The memory header is inserted around 1.

// [16-24] bytes of memory consumed each time, used to record the memory Application Status struct header {header_e flag; // int line used by the current memory; // apply for the file line const char * file; // apply for the file name const char * func; // apply for the function name };

When we get the header check for 2 in malloc and _ header_get, we directly exit.

The idea is very clear. If this code runs on a 64-bit machine and runs on an online server, 1000 million malloc objects will be created.

100000*(4 + 4 + 8 + 8) B/1024/1024 = 2.288818359375 MB memory loss. There is also a memory fetch check performance loss.

These are acceptable.
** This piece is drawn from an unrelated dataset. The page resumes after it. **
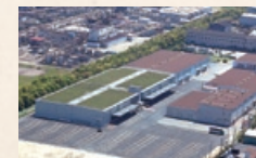
福山ピッキングセンター全景

向上に繋がります。また、屋上には緑化システムを採用し、断熱効果による省エネ設備となっています。

In special cases, you can print the information to determine the location of memory call errors.

Here we use enumeration to distinguish between convenience and macros.

// Identify the enumerated typedef enum {HF_Alloc, HF_Free} header_e;

In fact, macros and enumerations are basically the same in C. Only special specifications can be manually added to stipulate the differences between them. macros are used too much, and the complexity will increase. a double-edged sword.

The following is a test demo.Main. c

# Include <stdio. h> # include "scalloc. h "/** test memory management and obtain the memory registration information */int main (int argc, char * argv []) {int * piyo = malloc (10 ); free (piyo); puts ("start testing... "); // test free (piyo); getchar (); return 0 ;}

Demo result

The basic ideas have been introduced here. The main core isSteal a column.

 

Postscript -~ ○ ~

Errors are inevitable. If you have any problems, patch them and fix them. You are welcome to use this idea in your own project.